For definitions and underlying data collection, see the data dictionary of the REDCap database.

Patient-level data

Available in the datasets$pts dataset.

At diagnosis

Variable Description Levels Reasons for missing values
ptid Patient ID. Will be sequential integer number in deidentified data. (No missing values)
age_dx Age at prostate cancer diagnosis (in years) Continuous Date of birth or diagnosis unavailable (unusual1)
race4 Self-reported race, 4 categories Asian; Black or African American; White; Other (the latter category to avoid identifiability in uncommon categories) Not reported
race3 Self-reported race, 3 categories Asian; White; Black Another category or not reported
smoking Self-reported smoking status around first contact Current; Former; Never Not reported
bx_gl34 Gleason score at biopsy (diagnosis), grade-grouped <7; 3+4; 4+3; 8; 9-10 Not available or Gleason score sum 7 with unknown major/minor pattern
psa_dx Prostate-specific antigen at cancer diagnosis (ng/ml) Continuous Unavailable
psa_dxcat Prostate-specific antigen at cancer diagnosis (ng/ml) <4; 4-10; 10-20; >20 Unavailable
lnpsa_dx Prostate-specific antigen at cancer diagnosis (ng/ml), loge-transformed Continuous Unavailable
stage Clinical TNM stage at diagnosis N0/NX M0; N1 M0; M1 Metastasis (M) stage component unavailable (unusual1)
clin_tstage Clinical T (tumor) stage at diagnosis T1/T2; T3; T4 Not available (many are M1)
clin_nstage Clinical N (nodal) stage at diagnosis N1 M0; N1 M0 Not available (many are M1)
mstage M (metastasis) stage at diagnosis M0; M1 Unavailable (unusual1)

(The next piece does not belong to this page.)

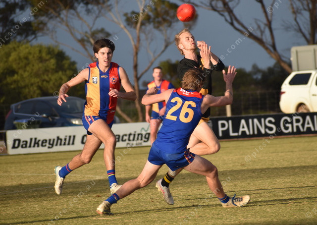 United captain Bailey Jones handballs over the head of Brodie Hocking. (492473)

1 A dataset processed through check_prostate_redcap() excludes records with missing values in the key characteristics, age at diagnosis and M stage. Missingness will only occur if QC filters in check_prostate_redcap() were manually disabled.

Primary treatment

Variable Description Levels Reasons for missing values
rxprim Primary treatment Many levels due to treatment combinations; also “No Primary Therapy” and “Other” Unknown
rxprim_rp Primary treatment included radical prostatectomy TRUE; FALSE None (FALSE if no report about prostatectomy)
rxprim_adt Primary treatment included androgen deprivation therapy TRUE; FALSE None (FALSE if no report about primary ADT)
rxprim_chemo Primary treatment included chemotherapy TRUE; FALSE None (FALSE if no report about primary chemotherapy)
rxprim_xrt Primary treatment included radiation therapy TRUE; FALSE None (FALSE if no report about XRT)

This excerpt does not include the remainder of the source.